For any integer n show that there exist integers k and j such that φ(k)+σ(j)=n
In words, show that for all n there exists integers k and j such that the number of divisors of j plus the number of numbers coprime to and less than k is n.
So, I would note that $\displaystyle \sigma(p^m) = m+1$ so taking $\displaystyle k=0$, $\displaystyle j=p^{n-1}$.
However, this is only for the natural numbers and zero...not the whole integers. You can't get a negative number of divisors!
It is also a somewhat boring result - why the Euler totient function if we can just forget about it?...
Have you perhaps missed out something from the question?

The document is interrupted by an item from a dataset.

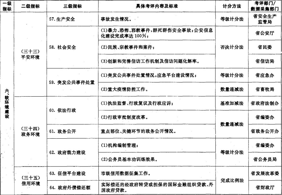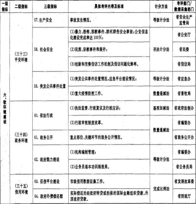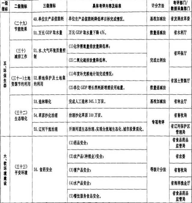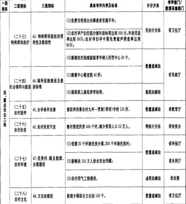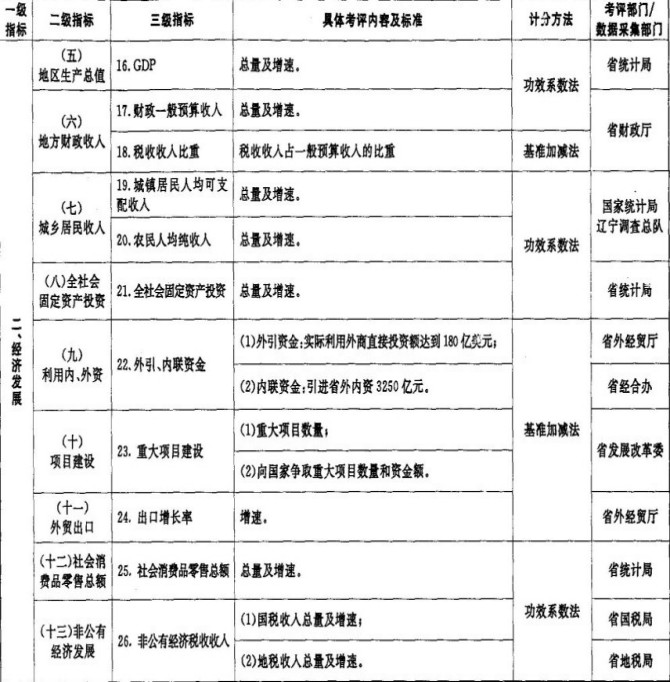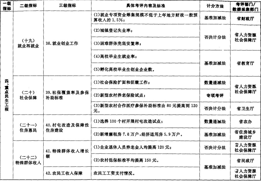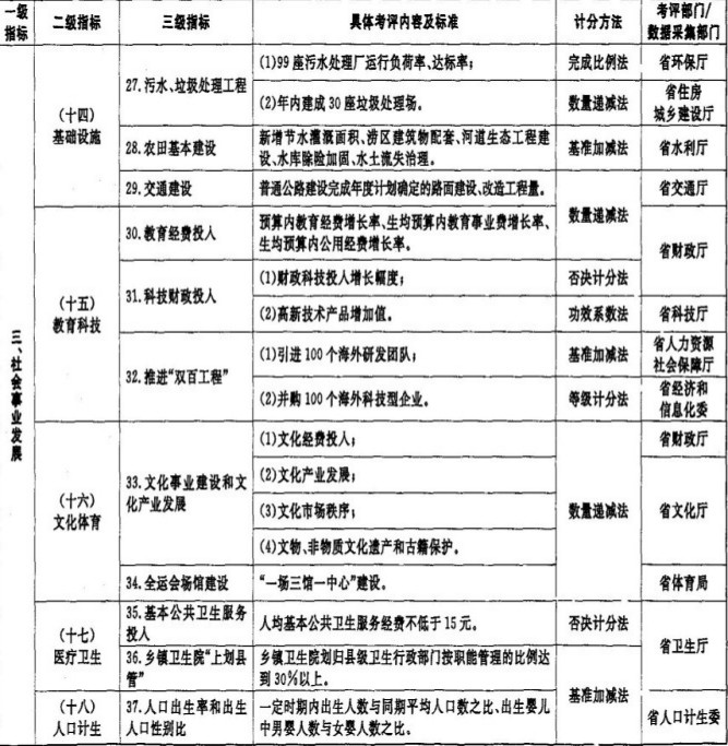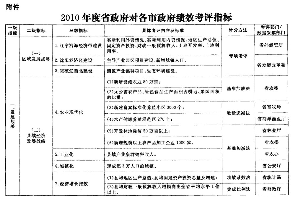省政府对各市政府绩效考评设置了指标考评、领导评价和社会评议三大体系,其实施细则由省政府绩效管理工作领导小组另行下发。指标考评实行千分制计分,分类采用完成比例法、数量递减法、否决计分法、功效系数法、等级计分法、基准加减法等计分方法。积极探索领导评价和社会评议工作,其结果作为对各市政府绩效综合考评排名的重要依据。对为全省做出突出贡献和造成严重社会不良影响的市政府分别在指标考评总分的基础上进行加分和减分。

If p is prime, then sigma(p)=p+1 (since there are only the two factors, 1 and p). Also, phi(p)=p-1 since all of the integers from 1 to p-1 are coprime to p, so sigma(p)+phi(p)=2p.

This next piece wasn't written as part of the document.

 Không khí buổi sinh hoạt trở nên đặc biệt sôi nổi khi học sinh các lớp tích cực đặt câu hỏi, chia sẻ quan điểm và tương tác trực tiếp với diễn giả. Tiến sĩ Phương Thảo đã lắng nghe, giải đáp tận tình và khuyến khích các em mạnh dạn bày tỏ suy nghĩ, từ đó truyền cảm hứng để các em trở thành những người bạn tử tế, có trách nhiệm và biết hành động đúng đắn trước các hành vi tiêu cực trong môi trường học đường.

I think it's probably true, but I can't see a way to prove that there are no composite n with sigma(n)+phi(n)=2n.
- Hollywood
Take $\displaystyle n = pq$ with $\displaystyle p$ and $\displaystyle q$ prime. $\displaystyle \varphi{(n)} = (p - 1)(q - 1)$, $\displaystyle \sigma{(n)} = p + q + pq + 1$Originally Posted by hollywood
So $\displaystyle \varphi{(n)} + \sigma{(n)} = (p - 1)(q - 1) + p + q + pq + 1 = pq - p - q + 1 + p + q + pq + 1$ $\displaystyle = 2pq + 2 = 2n + 2 \color{red}{\ \neq 2n}$
Oops, I just wiped out all semiprimes
I believe there is a general proof that can be built around this with infinitely many prime factors instead of a semiprime. I've seen it but unfortunately forgot it, I'll have to check it out some time.
Conclusion : only prime numbers satisfy this statement, along with 1, assuming the validity and existence of the GFP (Generalized Forgotten Proof )